I am proud of the fact that my ancestors lived in such a pleasant town and I have submitted a chart of our family tree to the Barton-upon-Humber library.
Richard B. Taylor
ELSHAM IN THE THIRTIES
During the thirties in Elsham, keeping healthy was very important. Yhe health service didnt exsist, all we had was orange juice and cod liver oil. Our cottage was very damp, one of my sisters died from pneumonia when she was
just 4 yrs old. Many old residents also died from pneumonia, it was known as the old mans friend.
The Elsham people were extremely poor. Everybody grew their own vegetables, that was the only way you could survive. All the men worked on the farms for just a few shillings a week, the cottages they lived in belonged to the farmers, and every May Day Thursday they had to cycle to Brigg, report to the Angel Hotel, and ask the farmer who owned their cottage if he would employ them for another year. Very often the farmer wouldn't, and they had to get out of the house, which was known as flitting.
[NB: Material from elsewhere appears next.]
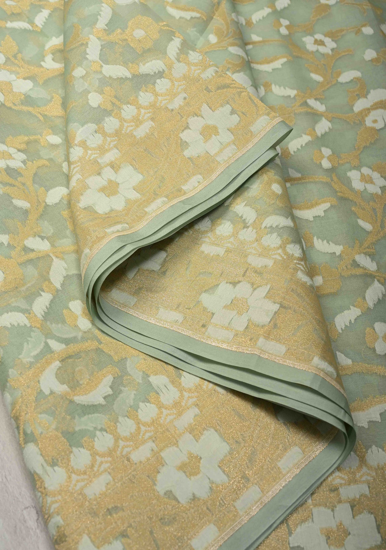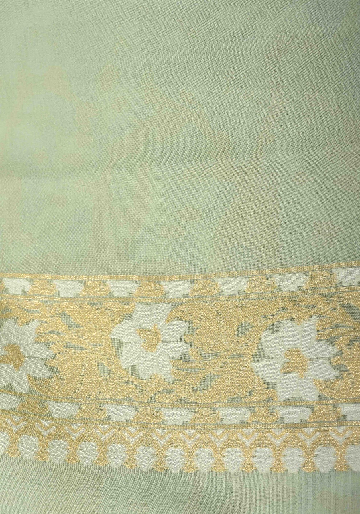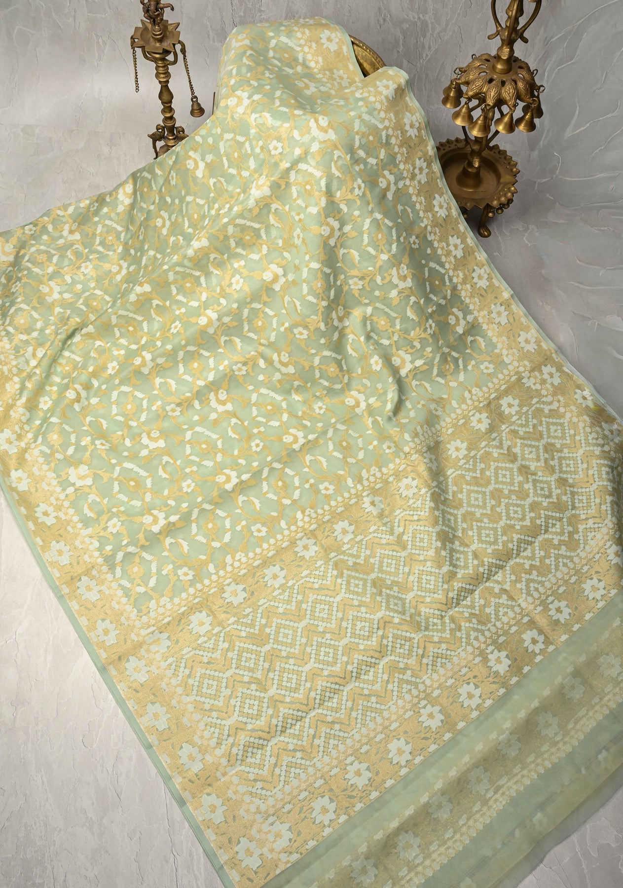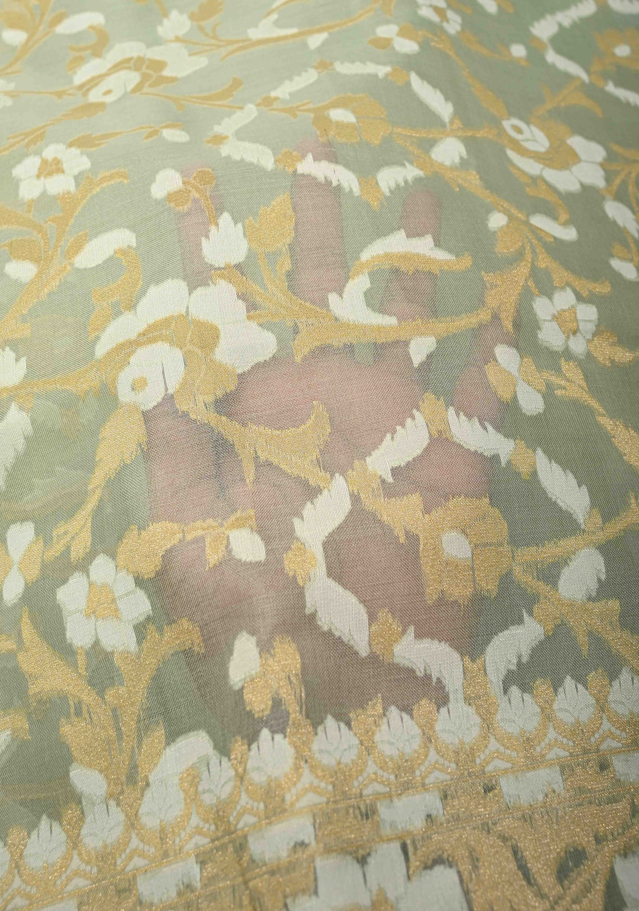Muted Sage Banarasi Kora Silk Saree with Meenakari Brocade Jaal and Zari Border | SILK MARK CERTIFIED

The present residents of Elsham are very lucky people.
REX WHITEHEAD
V E Day
I was born in Elsham 1934. We lived in a thatched cottage, where the village hall stands now. My grandfather was the local joiner, wheelwright, preacher, and clerk to the parish council. My father had milk cows and chickens. In the wartime we had prisoners of war, Germans and Italians. Elsham Hall was occupied by the army. We all had a fantastic time on V E Day. Rex Whitehead
When I Was A Young Girl
I was born in a quaint village in Nottinghamshire called Huthwaite, we moved to a farmhouse in Wrawby when I was 7. My aunt and her family moved there with us. We had great times in the barns, sliding down the hay, watching the cows being milked and feeding the chickens. I remember a winding staircase leading to the bedrooms and half way up the stairs was a cellar, we were afraid of going past there for some reason. I hated moving from there and to a town. I still crave to live in a farmhouse again and hopefully will do one day. The farmhouse still stands, I see it when we pass it on days out, it stands next to the church in Wrawby, it brings back so many memories...
I remember the W.I. paying £50 for a WAAF billet, so they could have their own premises in which to have meetings. I carried the the water supply in buckets from my then home, Bigby Manor. John.
Foreshore Houseboats
In the early 1950's walking past the little white cottage that is now The Country Park Inn, towards Ferriby, one could see a selection of little ships (Puffers) pulled up high & dry on the river bank. that were used as houseboats. At weekends, visitors to these little boats could be seen painting them, and charging batteries with wind powered car dynamos.
Behind the cottage was the Earles Cement quarry's, one, now the County Park. was connected by a tunnel that passed beneath the A63 to another quarry (to what in the 1980's became the now closed Humberfield Landfill). there had been a narrowgauge railway line through the tunnel to carry the chalk from the quarry to the works, where it was crushed & transferred to the main railway line for transport to their Cement works & rotary kiln at Wilmington.